IaC has revolutionized the way we implement our architecture. Terraform is one of the most widely used tool for implementing architecture. Terraform not only makes the implementation easy, but also helps us define modules which can be reused again and again for future deployments. In this series I will share the terraform code that I have written to deploy entire architecture.

Architecture that we are going to deploy

Optimized storage – time based with Data Lake.

Potential use cases :

The architecture may be appropriate for any application that uses massive amounts of data that must always be available. Examples include apps that:

  • Track customer spending habits and shopping behavior.
  • Forecast weather.
  • Offer smart traffic systems or implement smart traffic systems or use smart technology to monitor traffic.
  • Analyze manufacturing Internet of Things (IoT) data.
  • Display smart meter data or use smart technology to monitor meter data.

Assumptions in the architecture :

  1. The client authenticates with Azure Active Directory (Azure AD) and is granted access to web applications hosted on Azure App Service.
  2. Azure Front Door, a firewall and layer 7 load balancer, switches user traffic to a different Azure region in case of a regional outage.
  3. Azure App Service hosts websites and RESTful web APIs. Browser clients run AJAX applications that use the APIs.
  4. Web APIs delegate function apps to handle background tasks. The tasks are queued in Azure Queue Storage queues.
  5. The function apps hosted by Azure Functions perform the background tasks, triggered by the queued messages.
  6. Azure Cache for Redis caches database data for the function apps. This offloads database activity and speeds up the function apps and web apps.
  7. Azure Cosmos DB holds 3 to 4 months of the most recent data used by the web applications.
  8. Data Lake Storage holds historical data used by the web applications. Periodically, Azure Data Factory moves data from Azure Cosmos DB to Azure Data Lake to reduce storage costs.

Terraform Explanation

  1. GitHub Link : GitHub
YouTube video with the explanation

This code is parameterized and we are using different modules for every Azure Resource. This allows us to manage our code along with enabling the reusability. The parent directory Data Lake Deployment contains two subfolders :

  1. terraform-modules
    • This directory contains all the modules.
    • Any variable conditional needs to be checked in the variable.tf file under respective module
  2. terraform-resources
    • This folder has these files :
      • main.tf -> This file contains all the resources that we are going to deploy.
      • variables.tf -> Variables are defined in this file.
      • terraform.tfvars -> Tfvars file is automatically loaded without any additional option. This is the file where you need to update your resource values\names.

Usage :

Things to keep in mind are :

  1. We are using Azure BLOB as backend configuration, so you need to ensure the storage account and container mentioned in the backend configuration exists.
  2. Since we are using data block to fetch key vault secrets, where we store all our sensitive information. The key vault and the secrets should already exist.
  3. Data lake linked service is configured using “Data Lake Deployment\terraform-modules\data-lake\main.tf” file.
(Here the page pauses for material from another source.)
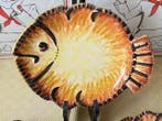 - Quimper - Paul Fouillen - Bord (8) - Polychrome zandsteenPrachtige reeks van 8 decoratieve borden in visvorm, gesigneerd paul fouillen. Geglazuurd steengoed met polychrome tinten met gevlekte bruin, groen en geel, met een stralend motief dat een zon oproept

I haven’t written code to implement data set because that can vary depending on the requirement. But this can be easily added based on the requirement.
  4. App service site config is configured using line number 22 to 26 under “Data Lake Deployment\terraform-modules\webapp\main.tf” file. The application framework can be changed using these lines (ex: Java, Python, DotNet etc.)

To run this example, simply follow to steps below:

  1. Open terraform.tfvars file under terraform-resources folder and update parameters based on your requirement. It can be region\resource group\SKU.
  2. Open command prompt or powershell and change the working directory to terraform-resources folder, if the terminal is opened in Data Lake Deployment directory, use :
  cd terraform-resources

  terraform init
  terraform plan
  terraform apply


Explanation :

  1. Terraform init -> It initializes the directory and downloads required provider along with configuring the module.
  2. Terraform plan -> This helps you verify the code is going to deploy the resources as expected. This also ensures we don’t face any unwanted surprise. This isn’t mandatory, but a recommended step.
  3. Terraform apply -> This step applies the resources specified in this code. This will ask you to approve this later. We can skip manual approval by using –auto-approve parameter.

Best Practices & Recommendations

  1. Use Terraform workspaces for easier management of the deployments. This can also help us manage Dev, UAT and Production deployments instead of creating multiple state files\directories.
  2. If you are creating new resources\variables. Ensure naming convention is easily relatable, since we have a lot of variables in this code.
  3. Use conditionals to avoid unwanted surprises.